■ GIVEN DATA ■
◆ ◆ ◆
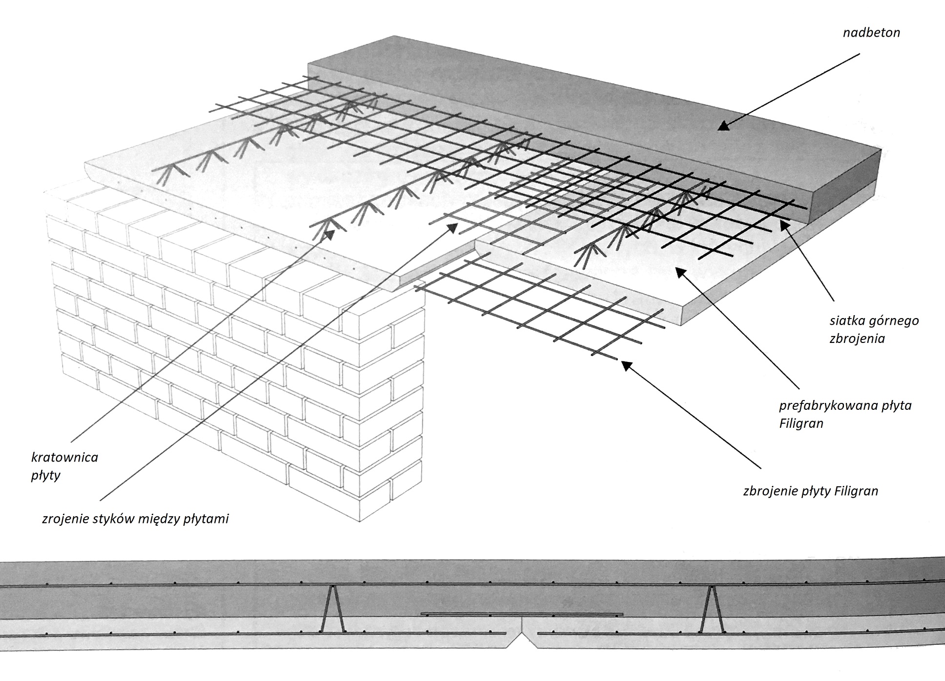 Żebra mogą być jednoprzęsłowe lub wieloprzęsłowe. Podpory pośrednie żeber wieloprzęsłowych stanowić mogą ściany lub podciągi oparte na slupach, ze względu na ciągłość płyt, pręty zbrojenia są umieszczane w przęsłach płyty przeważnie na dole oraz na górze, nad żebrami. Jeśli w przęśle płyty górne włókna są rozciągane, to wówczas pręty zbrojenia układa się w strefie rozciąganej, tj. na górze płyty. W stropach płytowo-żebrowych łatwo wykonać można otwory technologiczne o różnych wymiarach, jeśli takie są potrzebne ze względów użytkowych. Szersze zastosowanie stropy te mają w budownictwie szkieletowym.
◆ ◆ ◆
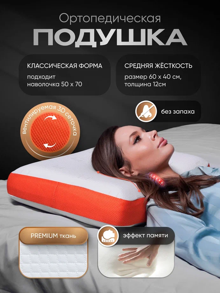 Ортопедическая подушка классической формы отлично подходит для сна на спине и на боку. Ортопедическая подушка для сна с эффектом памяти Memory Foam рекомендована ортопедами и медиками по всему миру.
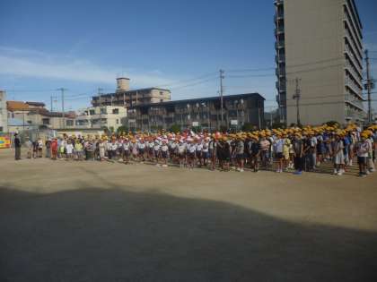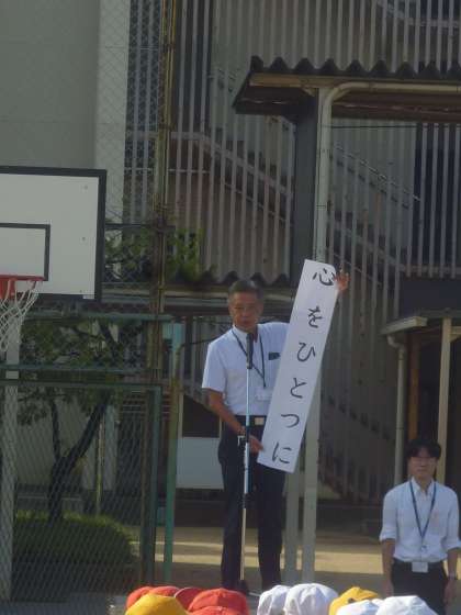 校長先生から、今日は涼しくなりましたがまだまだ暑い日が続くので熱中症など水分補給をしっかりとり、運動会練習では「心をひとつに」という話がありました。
◆ ◆ ◆
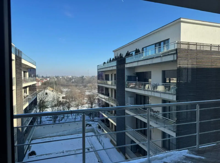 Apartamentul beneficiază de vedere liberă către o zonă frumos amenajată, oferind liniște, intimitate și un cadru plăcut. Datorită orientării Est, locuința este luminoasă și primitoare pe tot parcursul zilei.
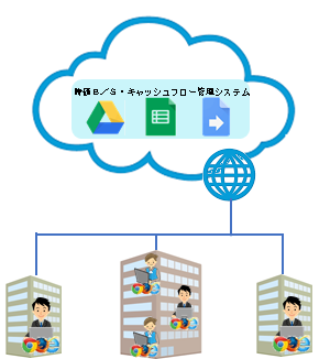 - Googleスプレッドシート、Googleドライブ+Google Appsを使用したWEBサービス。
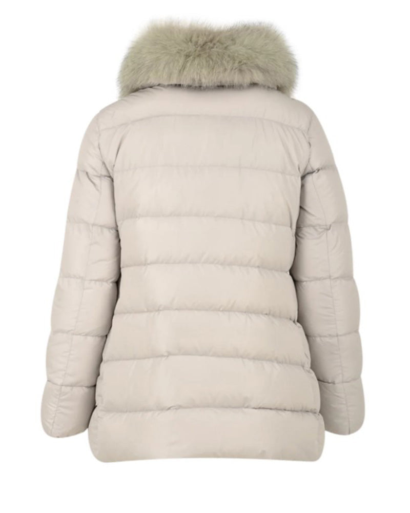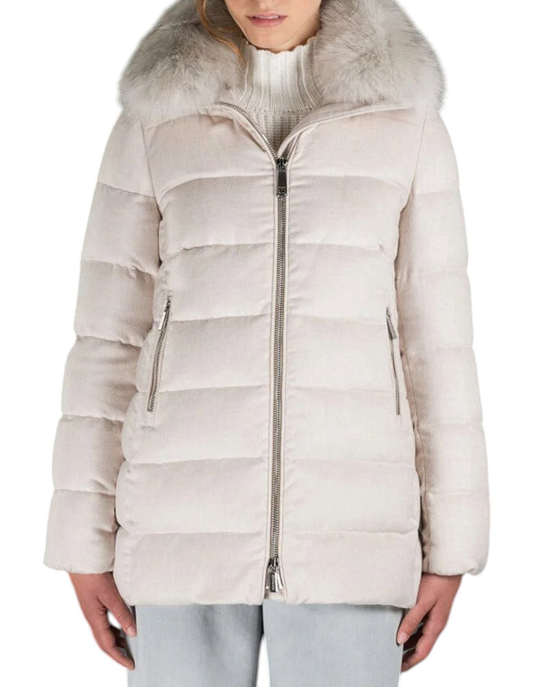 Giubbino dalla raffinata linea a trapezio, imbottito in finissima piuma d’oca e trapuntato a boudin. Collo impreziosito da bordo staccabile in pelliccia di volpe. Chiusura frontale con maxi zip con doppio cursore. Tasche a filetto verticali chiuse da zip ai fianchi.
◆ ◆ ◆
Output exactly the lines above that lie between the line with "- Googleスプレッドシート、Googleドライブ+Google Appsを使用したWEBサービス。" and the line with "Giubbino dalla raffinata", those two lines included, and no pictures.

■ TASK RESULT ■
 - Googleスプレッドシート、Googleドライブ+Google Appsを使用したWEBサービス。
 Giubbino dalla raffinata linea a trapezio, imbottito in finissima piuma d’oca e trapuntato a boudin. Collo impreziosito da bordo staccabile in pelliccia di volpe. Chiusura frontale con maxi zip con doppio cursore. Tasche a filetto verticali chiuse da zip ai fianchi.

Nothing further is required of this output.